* **Work instruction**: Type out the complete listing below word for word, without its pictures.

* **Data segment**:
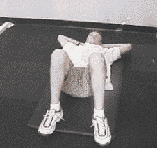 Exercise: Lie on your back ith your feet on a bench. Your hands are behind your head with the elbows to the side. Curl your upper body and move your chest up towards your thighs as far as possible. Again, don't pull your head forward with the hands.
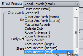 Tu izberite enega izmed reverbov, odvisno kateri efekt paše na vaš posnetek in odvisno od vašega okusa. (Ne pretiravajte z reverbom!)
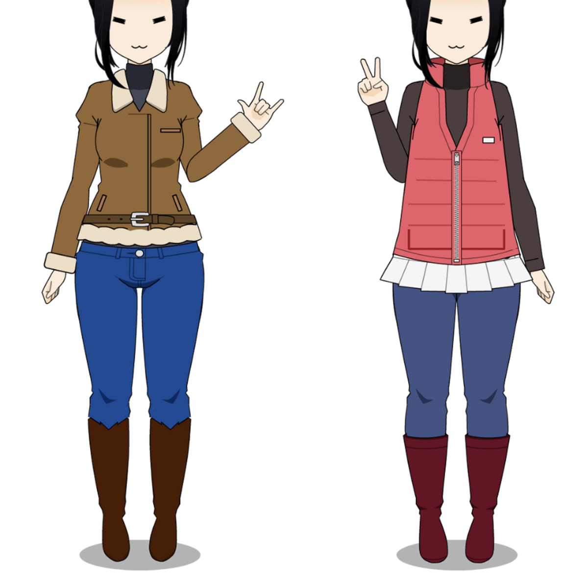 Mary is wearing her grey t shirt, brown Autumn Jacket, belt, blue jeans and brown boots. Emily is wearing her brown long sleeve shirt, Pink Vest, blue jeans and red boots. They from kisekae

* **Task solution**:
 Exercise: Lie on your back ith your feet on a bench. Your hands are behind your head with the elbows to the side. Curl your upper body and move your chest up towards your thighs as far as possible. Again, don't pull your head forward with the hands.
 Tu izberite enega izmed reverbov, odvisno kateri efekt paše na vaš posnetek in odvisno od vašega okusa. (Ne pretiravajte z reverbom!)
 Mary is wearing her grey t shirt, brown Autumn Jacket, belt, blue jeans and brown boots. Emily is wearing her brown long sleeve shirt, Pink Vest, blue jeans and red boots. They from kisekae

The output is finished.